3 min read

PORTLAND – A truck driver involved in a fatal collision in Hallowell had 42 convictions for driving offenses and had his license suspended 19 times, according to Doug Dunbar of the secretary of state’s office.

He was also involved in another fatal crash 11 years ago for which he received a suspended jail sentence.

Scott Hewitt, 32, of Presque Isle, was wanted for warrants for criminal violations of trucking rules and had a suspended license at the time of last Friday’s crash, which killed Tina Turcotte, 40, of Scarborough.

When Hewitt’s tractor-trailer slammed into Hewitt’s car around 9 a.m., one lane of the Maine Turnpike in Hallowell was closed for construction. Turcotte was allowing a truck in front of her into the open lane when Hewitt’s truck cab smashed into and ran over Turcotte’s car. The impact crushed her 2001 Infiniti, reducing it to a pile of junk.

After Friday’s crash, Hewitt was arrested on two outstanding warrants that resulted from his arrest a year ago, when he was accused of falsifying his logbook and removing a sticker from his truck that designated it as being out of service. The warrants were issued when he failed to appear in court in April for a plea hearing.

No charges have yet been filed in connection with Friday’s crash, police said. State police are investigating the crash, and will turn over their report to Kennebec County District Attorney Evert Fowle, Maine State Police spokesman Stephen McCausland said. Fowle said his office is overseeing the investigation to determine what criminal charges Hewitt might face.

Hewitt, who owns Hewitt Transportation in Caribou, was released on $1,000 bail.

The chief of the Maine State Police, Craig Poulin, told Maine Public Radio on Wednesday that Hewitt had been stopped in New York the day before the crash because of logbook and trailer-lighting violations. It was unclear why Hewitt was not taken off the road, since there was a warrant out for his arrest, and his license was not current.

Records also show that his privilege to drive commercial vehicles was suspended June 20 by the U.S. Department of Transportation’s Federal Motor Carrier Safety Administration, because he was found to be an unfit motor carrier. That suspension came more than a month before the Hallowell crash.

Alan Harding, Hewitt’s lawyer in the 2004 logbook violations case, described him as “a young truck driver with a family” who was under financial pressure to work more often than he should.

“If he has a fault, it is accepting dispatches that in retrospect he would have been better off not taking,” Harding said. “The pressure to take loads and go on trips is tremendous.”

Harding said Hewitt had agreed to plead guilty to the 2004 allegations, and his failure to appear in a Portland courtroom had been a misunderstanding.

Hewitt’s driving convictions included two for driving to endanger, and he was involved in four accidents before the one in Hallowell, according to the secretary of state’s office.

One of those involved the death of another motorist.

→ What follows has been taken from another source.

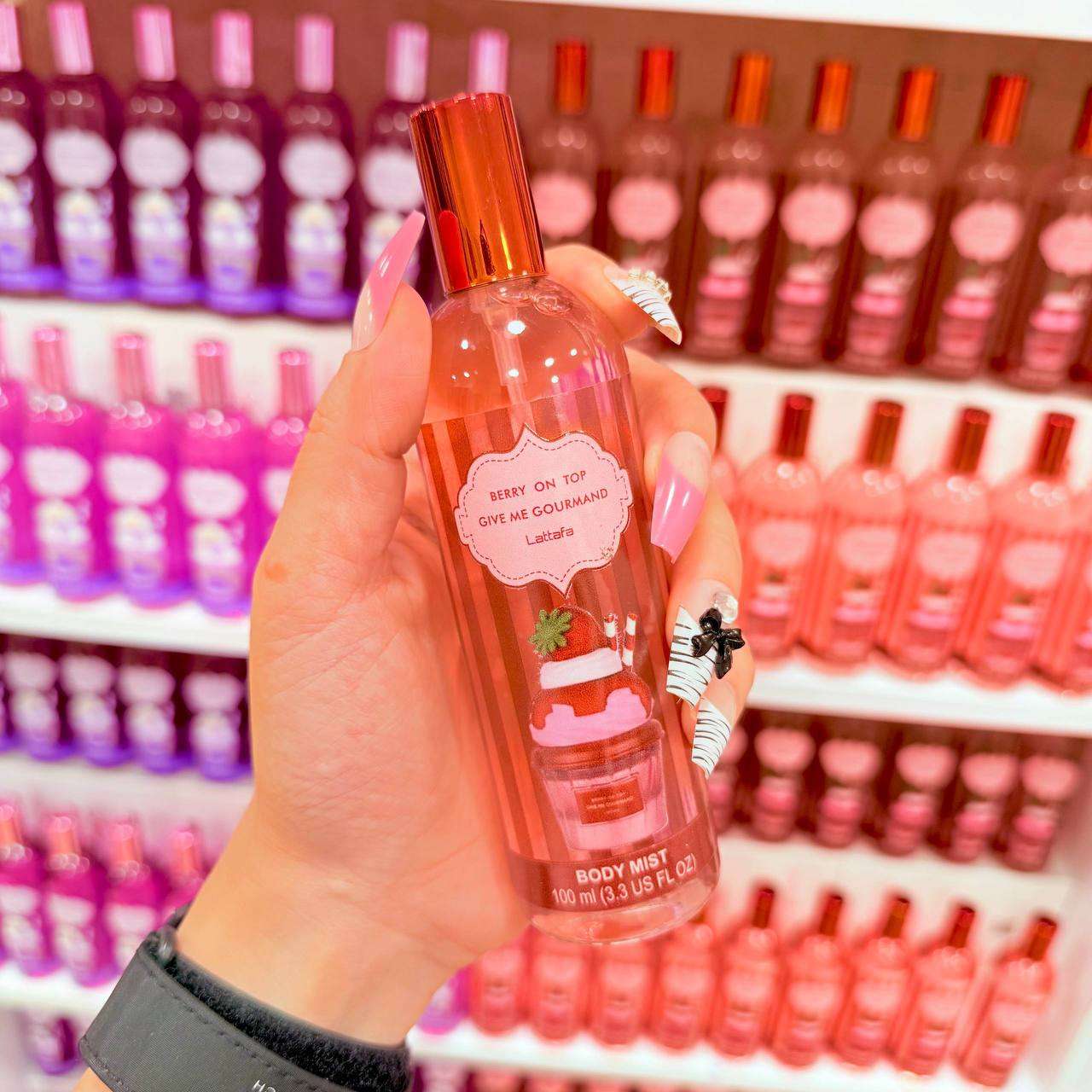 🍰✨ حلاااااااااااااااااااااااوة في شكل اسبلاش 😍 مجموعة Give Me Gourmand من لطافه وصلت ومفيش أحلى من كده 💖 كل ريحة فيهم كأنك داخلة محل حلويات فخم 😋 💗 Berry On Top فراولة وكريمة فانيليا ناعمة.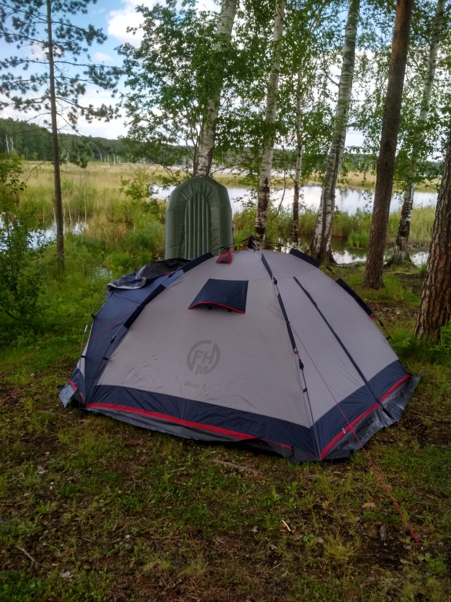Палатка FHM кемпинговая Alioth 4 black-out (Синий/Серый)

Hewitt was driving a truck loaded with junk cars that tipped over in South Berwick on Nov. 4, 1994, trapping Scott Davis, 25, in his car as the wreckage burned, Harding confirmed.

The case was resolved in 1997 when Hewitt pleaded guilty to driving an unsafe and improperly loaded motor vehicle, failing to inspect a vehicle and falsifying duty records. He received a six-month suspended sentence and one year of probation.

Harding said the 1994 crash didn’t make Hewitt an unsafe driver.

“There are accidents, and trucks are on the road and trucks have drivers,” he said. “The mere fact that one is involved in a collision is not an indictment.”

But Hewitt’s record is not typical for a truck driver in Maine, said Dale Hanington, president of the Maine Motor Transport Association, a trade group for the trucking industry.

Hanington said most good truckers will go a career without getting in as many accidents as Hewitt has in the last 11 years.

Turcotte’s family declined to be interviewed for this story.

According to her obituary, she worked as a self-employed accountant. She survived breast cancer in 2000, loved animals and was an advocate for animal rights.

Fowle said the initial focus of the investigation will be the truck Hewitt was driving and the circumstances of the crash that killed Turcotte. Later, he said, prosecutors will look at Hewitt’s driving record to determine how to proceed.